Key Fannie Mae HomeReady Mortgage Program Considerations
- Limits on mortage amount
- The borrower may be subject to maximum income limits depending on where the property is located
- Typically higher interest rate than other low/no down payment mortgage programs
- Requires borrower to pay ongoing Private Mortgage Insurance (PMI) on monthly basis
- More flexible mortgage qualificaiton requirements espicially as it related to a borrower's credit profile
- Ability to include income from non-occupant borrowers (parents), non-borrower household members (relatives) and boarders improves ability to quality for a mortgage
- No up-front or ongoing FHA mortgage insurance premium and lower private mortgage insurance (PMI) costs as compared to standard programs
- Ability to purchase a home with low down payment and no borrower contribution
1) Income from boarders. Up to 30% of the income used to determine a borrower’s ability to qualify for the mortgage can come from boarders. For example, if you rent out your basement or a spare room, this rental income can be added to the borrower’s income to determine what size mortgage the borrower qualifies for
2) Income from non-borrower household member. This is income from a relative who resides in the property but who is not listed on the mortgage. In this case, the income is used to support the borrower's application. For example, if a father lives with his son, the father’s income may be considered by the lender and used to solidify the son's loan application. Please note that income from a non-borrower household member is not added to the applicant's income to determine the applicant's ability to qualify for the mortgage and only the applicant is listed as the borrower on the mortgage. Additionally, the non-borrower household income is not counted against the income limits outlined below.

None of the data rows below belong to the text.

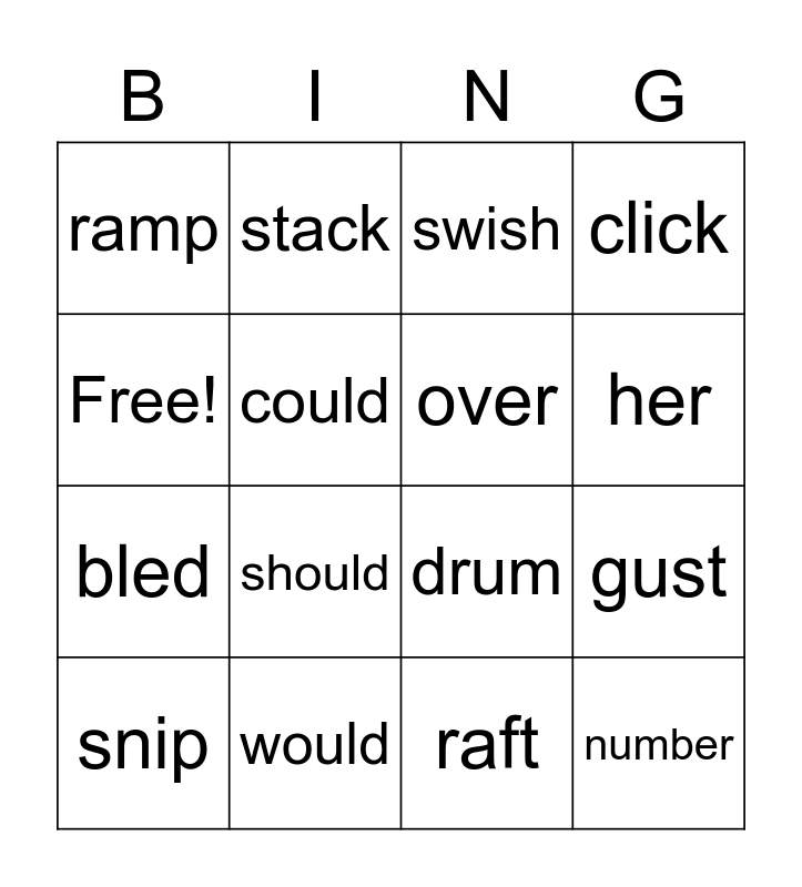 This bingo card has 16 words: would, gust, swish, ramp, bled, stack, drum, raft, Free!, could, snip, click, should, her, over and number.
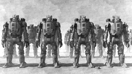 A group of advanced robotic soldiers stands in formation, equipped with sophisticated firearms and armor.
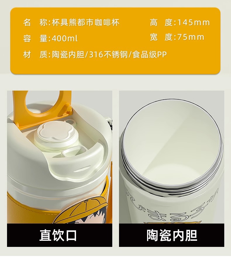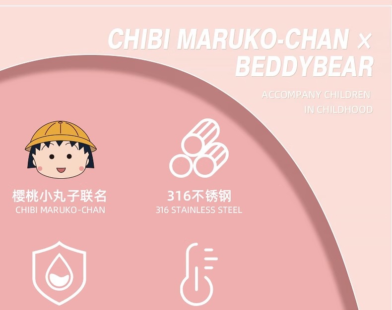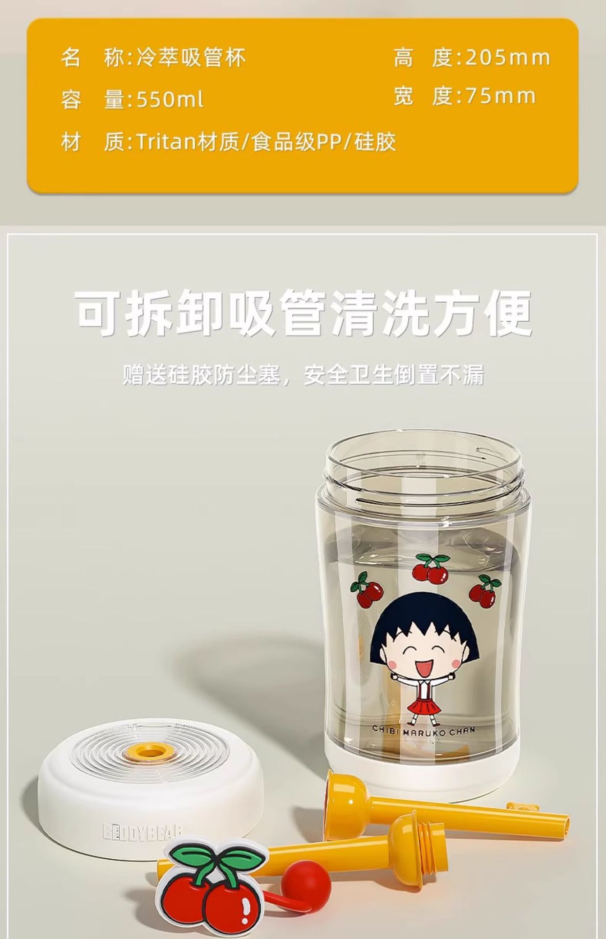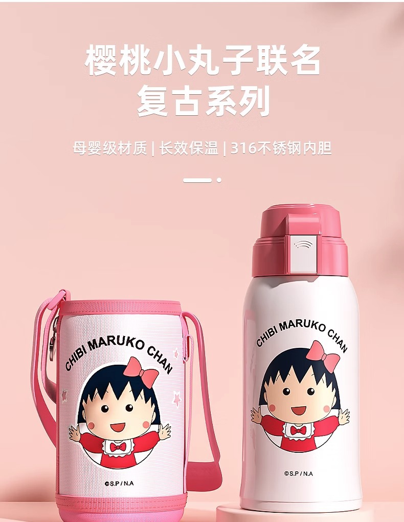 Cherry Maruko nama gabungan cangkir beruang anak-anak perempuan termos cangkir dewasa belajar minum sedotan air perut besar cangkir pot siswa
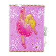 The puffy 3D ballerina sits on a transparent cover surrounded by butterflies, which is layered on a sparkling glitter base. The interior pages are lined to aid in neat handwriting.
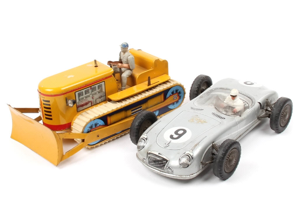 on y retrouve les marques : JOUSTRA & FRANCE JOUETS - véhicules motorisés (moteurs à revoir) - avec manques, parties cassées & oxydées
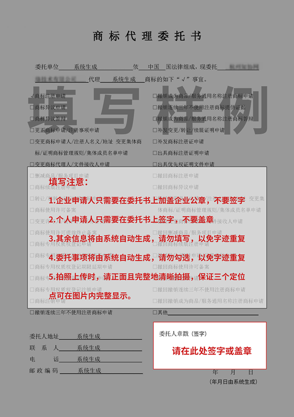 注:委托書已經(jīng)自動生成。請下載并打印,以自然人名義申請的需黑筆簽名,以企業(yè)名義申請的需蓋公章后,掃描彩色件并上傳;要求圖片為jpg格式。
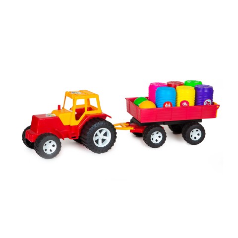 Трактор причіп з бочонками Бамсик, 007/5 із тематичним дизайном. Виготовлений із пластику, розміри 35x15x15 см, з причепом і бочонками. Сприяє розвитку уяви. Ідеально для дитячих ігор. Створюйте сільськогосподарські пригоди! Купуйте на Demsky.com.ua.
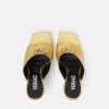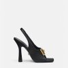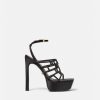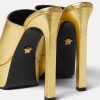 Estas mules con plataforma están confeccionadas en cuero con un acabado metálico. Tienen tacones altos de aguja con una placa de medusa en la parte delantera.
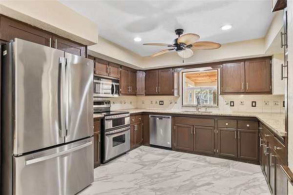Escape to your own private country retreat on nearly 6 acres in Myakka City. Set deep within the property, this spacious home offers exceptional privacy and a peaceful lifestyle away from traffic and noise. Enjoy brand-new stainless-steel appliances, fresh paint inside and outside, and updated new ceramic flooring throughout the entire house. The generous primary suite includes a large walk-in closet, and the property is beautifully framed by mature trees, palms, and natural landscaping.
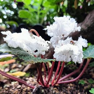 シクラメン スワン🤍🦢 昨年、鉢植えから地植えにしたはいいが あちこち3度くらい場所移動させ ようやく2、3週間前くらいに定位置が決まったスワン🤍🦢 (というか、空いてる隙間に無理やり植えた💦) 暑い時期の引っ越しにも耐え 今こうして花も咲かせ 偉かった!💮💯
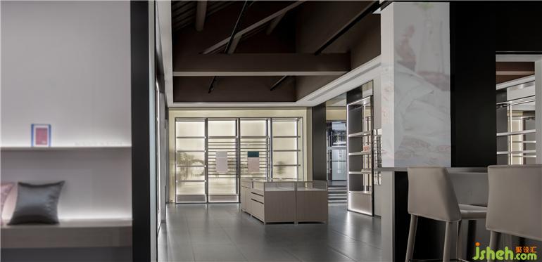 本項目保留了古建筑的韻味,蘇州展廳設(shè)計通過對局部空間的當代處理后,形成具有古建筑韻味下的當代藝術(shù)空間??臻g植入的“光與絲綢”的裝置,是對產(chǎn)品文化,絲綢文化的提煉與表達。突破空間的框架特有的桎梏,通過視覺與觸感,塑造一個理性邏輯的意向空間
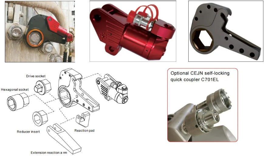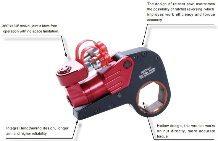 3) Cờ lê mô-men xoắn thủy lực cấu hình thấp KLCD có thể chạy trơn tru dưới áp suất 70MPa và có độ chính xác cao, với độ lặp lại mô-men xoắn ± 3%. Khớp quay 360 × 180 độ cho phép nó hoạt động tự do hơn trong mọi không gian nhỏ.
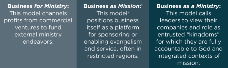 Understanding our role as stewards enables us to recognize how faith should practically impact our business operations. Over the past century, various models have emerged to describe the relationship between faith, business, missions, and ministry:
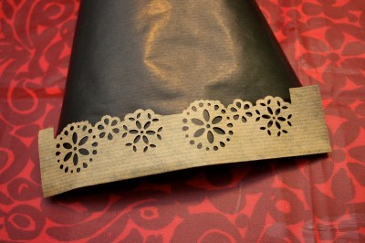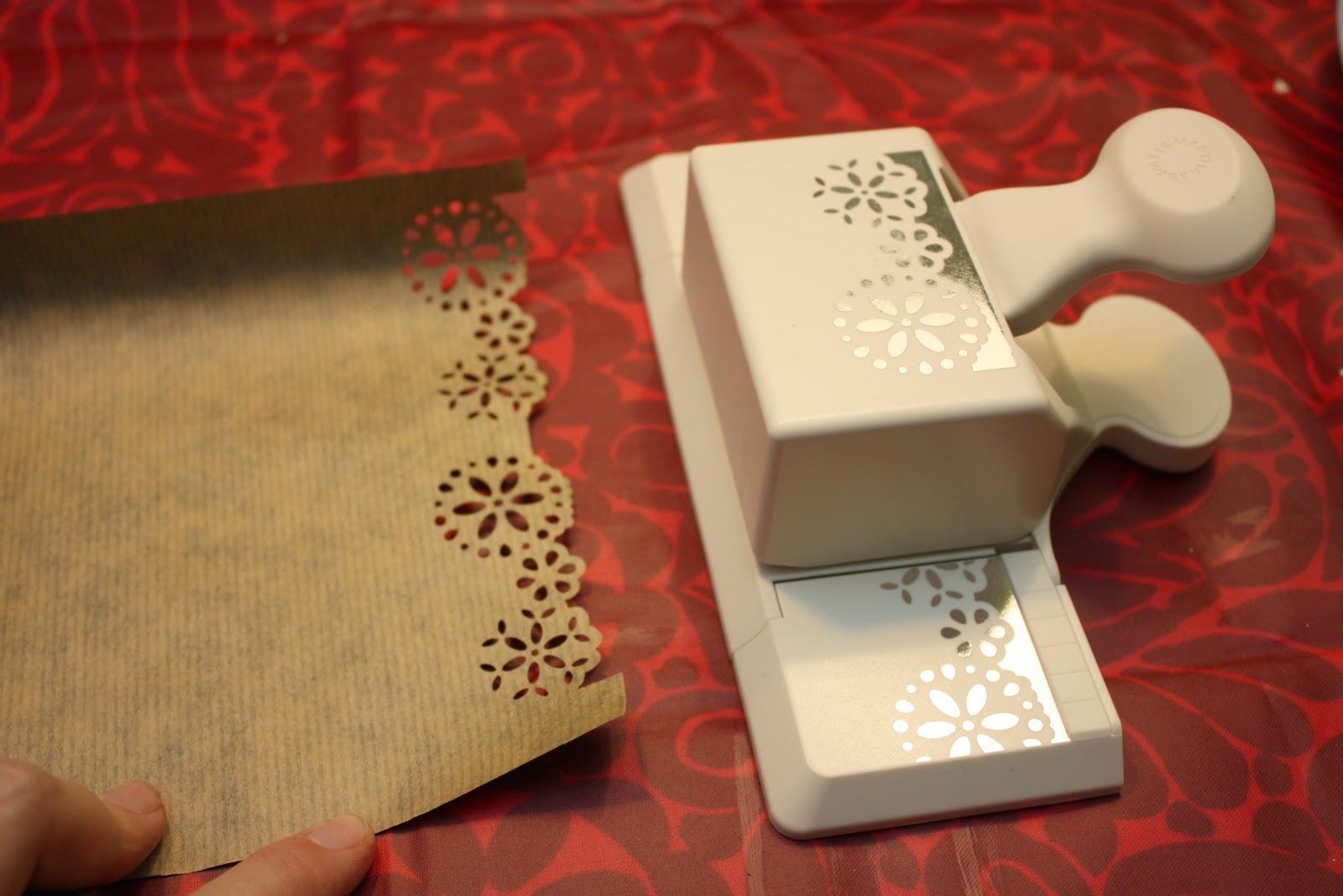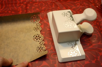Tehdään ensin pieni paketti. Rei’itä koristelävistäjällä lahjapaperin reuna.
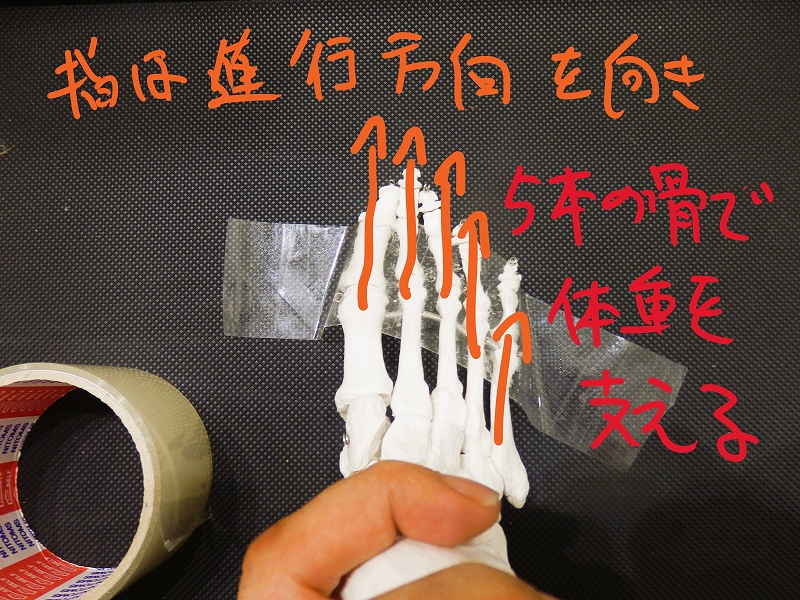 このとき、親指から小指までの5本の骨が協調して体重を支え、
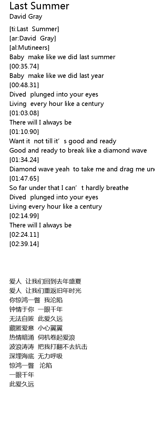| [00:26.62] | 爱人 让我们回到去年盛夏 |
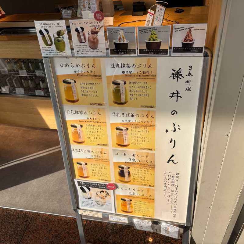 豆乳、お茶、そばを使ったプリンなど、京都の会席料理店ならではの商品ラインアップが魅力的で、とても気になり、今回初訪問です。
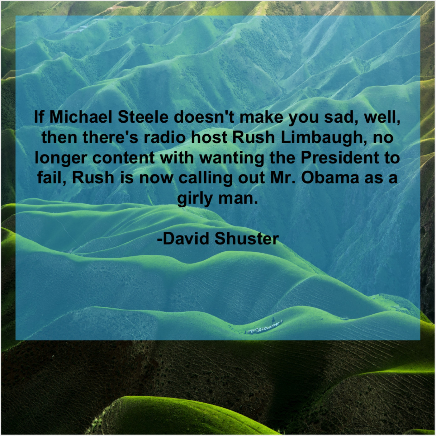David Shuster David Shuster – If Michael Steele doesn’t make… November 28, 2018 admin “If Michael Steele doesn’t make you sad, well, then there’s radio host Rush Limbaugh, no longer content with wanting the President to fail, Rush is now calling out Mr. Obama as a girly man.”-David Shuster

3) Income from non-occupant borrower. This is income from a parent or relative who is a borrower on the mortgage but does reside in the property. For example, a mother’s income could help a daughter qualify for a mortgage to buy a property that only the daughter will own and live in. Both the mother’s and daughter’s income are included in determining the borrower’s ability to qualify for the mortgage and both are listed as borrowers on the mortgage. Income from a non-occupant borrower is considered qualifying income and is subject to income limits outlined below. Please note that if you use income from a non-occupant borrower to qualify for a HomeReady mortgage you are required to make a down payment of at least 5%, which means your maximum loan-to-value (LTV) ratio is 95%.
The HomeReady program also has more flexible borrower qualification requirements especially as it relates to a borrower's credit profile. For example, a borrower with a credit score as low as 620 or with no or limited traditional credit history may be eligible for the program. We discuss borrower qualification requirements including credit profile guidelines in detail below.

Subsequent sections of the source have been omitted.